Imagine being chased by a malevolent/horrifying entity, you unload your gun onto it but there is little effect. Your only best hope is to attempt to outrun it or hide and hope that it gives up the chase. You run frantically and hopelessly while the entity gains on you with surprisingly agility. Finally, you somehow manage to break its line of sight and hide in some closet, while the entity runs past you. You then sit there and sigh with sweet relief knowing that you have survived just one more encounter.


----------



## bikramjitkar (Jul 22, 2015)

DeSmOnD dAvId said:


> That being said. True horror games are the ones that make the playing character as helpless as possible with their only true and trustworthy weapon being their wits.
> 
> - - - Updated - - -
> 
> Imagine being chased by a malevolent/horrifying entity, you unload your gun onto it but there is little effect.
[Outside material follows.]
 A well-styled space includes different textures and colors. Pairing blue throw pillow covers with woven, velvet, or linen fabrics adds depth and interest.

Your only best hope is to attempt to outrun it or hide and hope that it gives up the chase. You run frantically and hopelessly while the entity gains on you with surprisingly agility. Finally, you somehow manage to break its line of sight and hide in some closet, while the entity runs past you. You then sit there and sigh with sweet relief knowing that you have survived just one more encounter.



I haven't played it myself, but you pretty much described Alien:Isolation from what I've heard.


----------



## Desmond (Jul 22, 2015)

I have Alien: Isolation in my Steam library. Will install it someday.
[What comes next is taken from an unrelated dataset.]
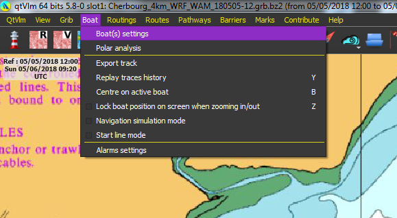 Setting a polar in qtVlm. Boat>>>>Boat(s) Settings

But yes, from the gameplay videos I've watched, that's pretty much how it is.


----------



## gameranand (Aug 3, 2015)

Gollum said:


> Fear - God damn one of the fastest games that I finished but was not so scary
> Dead Space 1, 2, 3 - Scary a hell - after playing these I can now watch any damn horror movie. - this game is unplayable alone
> Silent hill - not so scary
> *resident evil 4- this is not a scary game wtf?*



I mentioned it just for the sake of that series.


----------